Parce que je ne savais pas que je pouvais aimer à nouveau. Me tapir, pelotonnée dans des amours solides, durables, déjà testées et éprouvées, ça oui. M’immerger toute entière dans cet amour immense et merveilleux qui m’a portée et façonnée depuis tant d’années, pour sûr. Mais trembler d’amour et d’inquiétude pour un nouvel être, l’accueillir dans mon giron, lui donner ma confiance, une place dans mes pensées, m’engager à faire tout mon possible pour son bonheur et sa sécurité, m’imaginer un futur à ses côtés, voilà qui était insoupçonné. Dans ta soif dévorante d’affection, tu as déniché une source vive, quoi qu’obstruée, et tu as su la révéler, jaillissante, pétillante, brûlante mais profondément désaltérante. Bois, petit chat, réchauffe-toi, apaise-toi, panse-toi à cet amour tout neuf. La source n’est pas près de se tarir.

Échoportrait

Vole, vole, battements d’ailes dans la nuit noire. Volette la chauve-souris, éperdue, déboussolée dans l’immensité des ténèbres. Trajectoire erratique, battements frénétiques, ballet chaotique.

Dans l’espace infini, d’inaudibles cris sont lancés, balises ultrasoniques qui ricochent et reviennent au hasard la heurter. Effleurer sa fine peau, égratigner la fragile membrane de ses ailes, bousculer ou sécuriser son vol effréné.
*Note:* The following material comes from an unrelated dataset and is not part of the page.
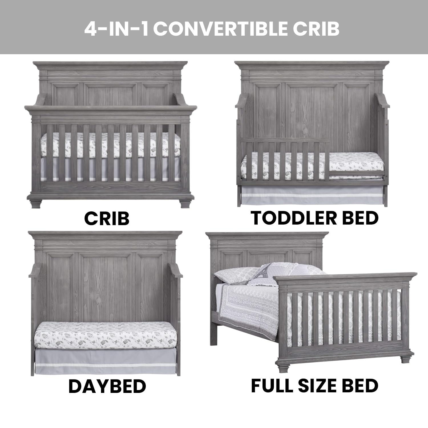 • THOUGHTFUL DESIGN: Designed to fit a standard-size crib mattress, this 4-in-1 Crib offers a convenient design that will grow as your baby grows by converting from a crib to toddler bed, daybed and full-size bed with 3-levels of mattress height adjustments
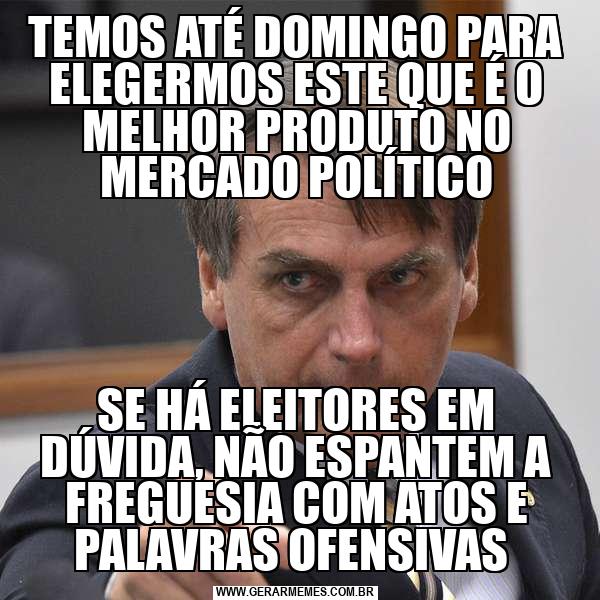 TEMOS ATÉ DOMINGO PARA ELEGERMOS ESTE QUE É O MELHOR PRODUTO NO MERCADO POLÍTICO SE HÁ ELEITORES EM DÚVIDA, NÃO ESPANTEM A FREGUESIA COM ATOS E PALAVRAS OFENSIVAS

La chauve-souris ballotée, ultrasensible, surchargée d’informations ne sait plus interpréter les signes et percute au gré du vent des barrières, des gens, des fantômes. Se prend dans de gigantesques toiles gluantes avant de s’en arracher par l’énergie du désespoir.

Dans la tourmente, la chauve-souris apprend. Affine ses perceptions. Reçoit quelques échos à ses cris de détresse. Fait le compte des appels restés lettres mortes. De ceux qui n’ont jamais atteint leurs cibles. De creux en pleins, au milieu d’êtres-miroirs sporadiques, la chauve-souris dessine ses contours, donne une forme à son corps, des noms à ses sensations, des limites à ses angoisses.